(Source data)
--
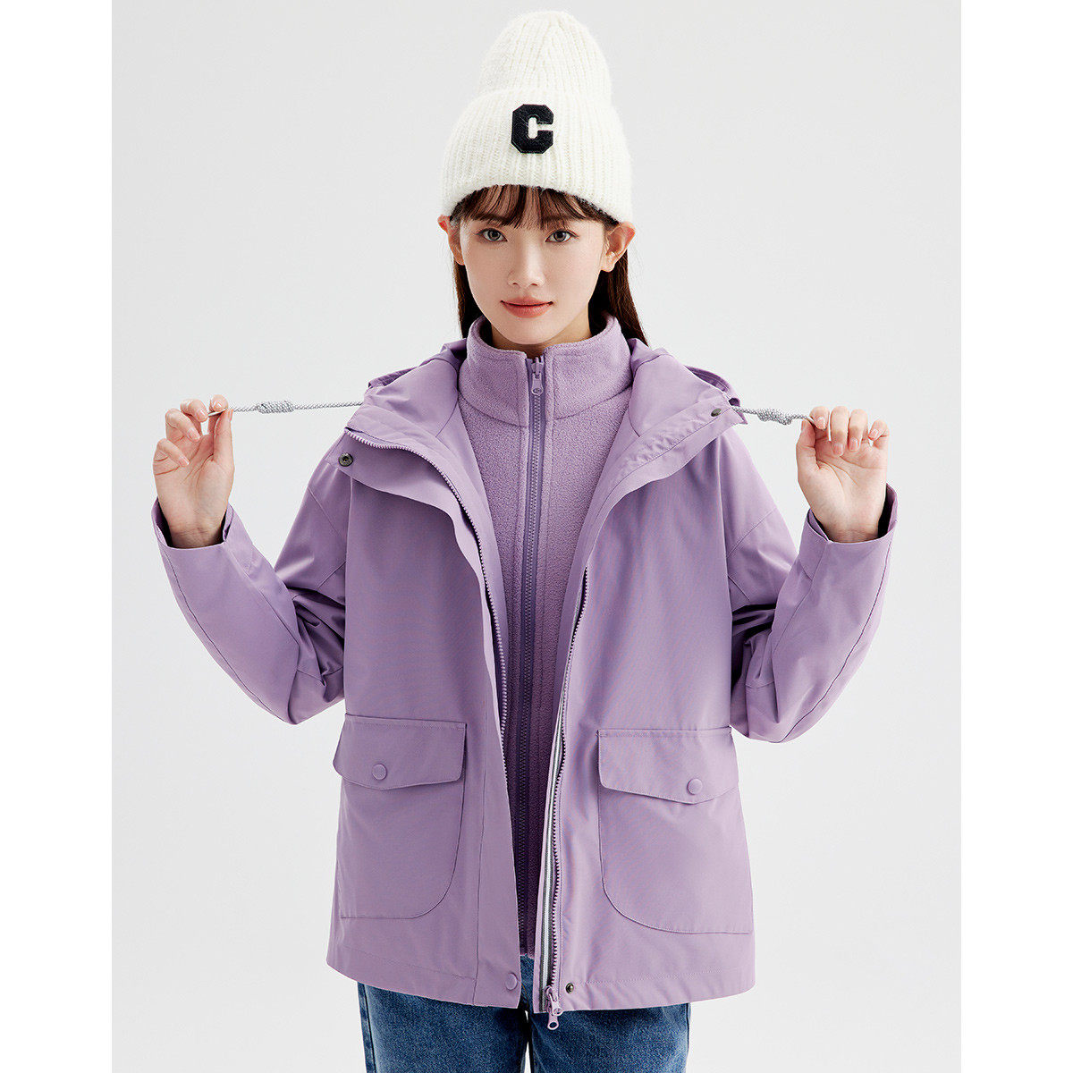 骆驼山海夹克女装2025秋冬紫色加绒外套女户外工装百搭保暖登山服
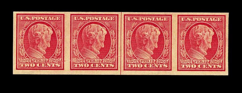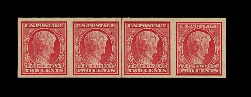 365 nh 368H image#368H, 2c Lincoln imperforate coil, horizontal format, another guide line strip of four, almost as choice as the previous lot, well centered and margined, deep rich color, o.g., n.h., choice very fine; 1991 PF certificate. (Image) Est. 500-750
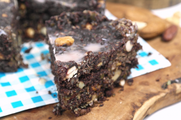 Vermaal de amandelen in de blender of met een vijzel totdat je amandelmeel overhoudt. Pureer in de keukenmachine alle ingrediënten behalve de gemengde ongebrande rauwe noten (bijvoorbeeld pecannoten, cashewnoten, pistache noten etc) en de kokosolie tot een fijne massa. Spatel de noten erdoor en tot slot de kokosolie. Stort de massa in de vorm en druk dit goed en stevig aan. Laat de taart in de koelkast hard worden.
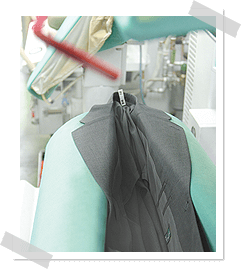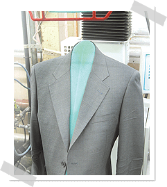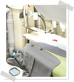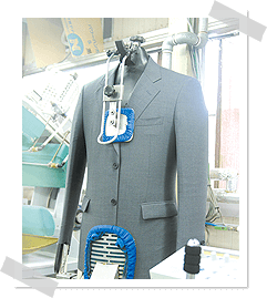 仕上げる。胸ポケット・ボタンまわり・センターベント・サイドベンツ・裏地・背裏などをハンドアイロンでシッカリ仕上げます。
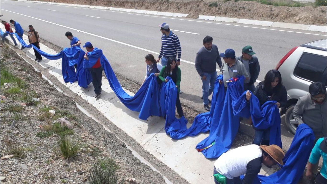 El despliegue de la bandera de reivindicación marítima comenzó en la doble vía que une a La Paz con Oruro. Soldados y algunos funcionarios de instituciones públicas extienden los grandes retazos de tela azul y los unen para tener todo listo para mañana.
--
### Action item
Exact copy required, pictures excluded: the lines from the one holding "仕上げる。胸ポケット・ボタン" through the last line of the data, both ends included.

### Exercise answer
 仕上げる。胸ポケット・ボタンまわり・センターベント・サイドベンツ・裏地・背裏などをハンドアイロンでシッカリ仕上げます。
 El despliegue de la bandera de reivindicación marítima comenzó en la doble vía que une a La Paz con Oruro. Soldados y algunos funcionarios de instituciones públicas extienden los grandes retazos de tela azul y los unen para tener todo listo para mañana.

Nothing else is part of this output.